Basudev Than (pronounced as [baxudew tʱan]) or Narua Satra is a satra located in Dhakuakhana, Lakhimpur, Assam. It was first established in the 14th century by the Chutia king Satyanarayan. Originally known as Laumura Satra, this satra is well known in Assam and other parts of India.

Etymology
Damodar Ata established this satra in the 17th century as Laumura Satra. However, the plot of the which was originally donated by Chutia king Satyanarayan was transferred to many people many times. This led to the name na-rua which might mean 'not stay'. The name Basudev Than is related to the Assamese word for lord Vishnu-- Baxudew.

Legends
According to the legend constructed in the 16th-century Rukmini Haran by Srimanta Sankardev, Rukmini made the statue of Basudev for her desire to marry him.

History

Although the original temple was built in 14th-15th century during the rule of Chutia kings Lakshminarayan and Satyanarayan, it was shifted to the present location in mid-17th century by the grandson of Sankardeva, Damodar Ata as Laumura Satra, during the rule of Ahom king Jayadhwaj Singha. There is controversy whether Damodar Ata came from Bijani or from Upper Assam.

The land of the Satra (where it was originally located) was donated by the Chutia king of Sadhayapur/Sadiya, Satyanarayan in 1392 A.D. to a Brahmin named Narayan Dwij for Bishnu Puja.
Later, a Brahmin family took the land and finally a member of the Brahmin family 'Bahude' gave the land to Damodar Ata in the 17th century. According to others, in 1401 A.D., Sadhayapuriya/Sadiya Chutia king Laxminarayan devoted the land to Ravidev Basaspati for Bishnu Puja. From this family, the land was eventually transferred to Damodar Ata for setting up the Satra in the 17th century. From then on, the temple and the satra merged and it was known as Narua Satra.
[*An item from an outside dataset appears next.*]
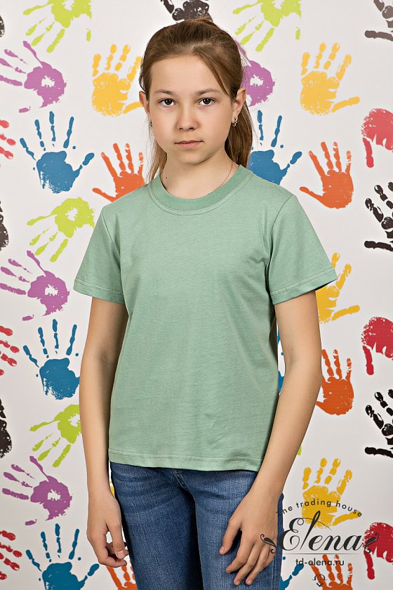 Футболка выполнена из хлопкового полотна, с коротким рукавом и круглым вырезом горловины.

After Damodar Ata's death, Ramakanta Ata took the place of the Adhikar. However, having to look two other Satras a well, Basudev Than, due to neglection, almost turned into a forest. In 1683, Ramdev Ata took the place of the Adhikar, after the death of Ramakanta Ata. Here the land of the temple was granted to a priest named  Ravidas Vanaspati whose descendant Bahude finally gave the land to the Vaishnavite saint Damodardev Ata for setting up the Satra. From then on, the temple and the satra merged and it was known as Narua Satra. During this time, the temple was finally transferred to the present-day location. By that time, the Ahom kings started to pay respect to the Satradhikars. In 1707, Ahom king Gourinath Singha decided to visit this satra. However, he had to return from a place now called Uvata Sampara (Uvata meaning 'to return'). Knowing this, Satradhikar felt sorry, left this satra and went to live in Barpeta. Later on, when king came to know of this, he regretted and sent Mahidhar Dangariya there and bestowed a Bor-Kah.
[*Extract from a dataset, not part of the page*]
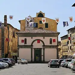 Die Kapelle gehört zu den wenigen vorreformatorischen Querkirchen. Sie wurde 1447 nach Plänen von Andrea Cavalcanti, einem Adoptivsohn Filippo Brunelleschis, errichtet. Das Bauwerk besteht aus einem quergerichteten Quader, der von einem flachen Walmdach und einem Biforen-Glockenjoch bekrönt wird. Das Glockenjoch ist mit dem an die Kirche angrenzenden Profanbau verbunden. Die Platzfassade ist zweistöckig gegliedert und durch vier korinthische Pilaster in drei Achsen unterteilt. In der Mittelachse, die das Portal enthält, wird das Gebälk zugunsten eines Rundbogens unterbrochen, sodass die gesamte Fassade als Variation des Serliana-Motivs erscheint. Das Obergeschoss weist in den äußeren Achsen je ein Rundbogenfenster auf und wird durch ein mächtiges Gebälk mit Eierstab- und Zahnschnittfries abgeschlossen. Die dreiachsige Gliederung wird im Obergeschoss durch zwei Volutenkonsolen unterhalb des Gebälks lediglich angedeutet. Die Seitenfassaden greifen die Gestaltung der Hauptfassade in schmalerer Anordnung auf.

Gradually, this place became deserted. This remained so till the arrival of Rangain Aldhara. Later on, Achyut Ata, with the help of Aldhara established a temple there. The Basudev Mandir was established in 'Maghi Purnima'. And thus, people organize Pal Nam every year on Maghi Purnima till date. His brother, Mahesh Ata built a big Namghar there. Over the years priest like Rupendra Dev Goswami, Bhupendra Dev Goswami have taken charge of the temple.

According to the copper plate inscriptions found in Dhenukhana, the  statues of the former temple included Basudev, Amba and Ganesha. During the days of Damodardev, another statue of Basudev carved out of black stone is said to be transferred from Kundil in Sadiya which was the capital of Chutia kingdom. According to the manuscript Thakur Charita, a statue carved out of black stone was transferred from Sadiya during the rule of the Ahom king Jayadhwaj Singha and established in the Noruwa Satra. The statue is about 4 feet in length. This indicates that the Satra and the temple merged during the 17th century to form the Basudev Narua Satra. The other statues and artifacts found in the temple dates back to 1392 when it was established by the Chutia kings.

Access
The Lakhimpur railway station is the nearest railway station, and Lilabari Airport is the nearest airport. It is 10 km away from Dhakuakhana town.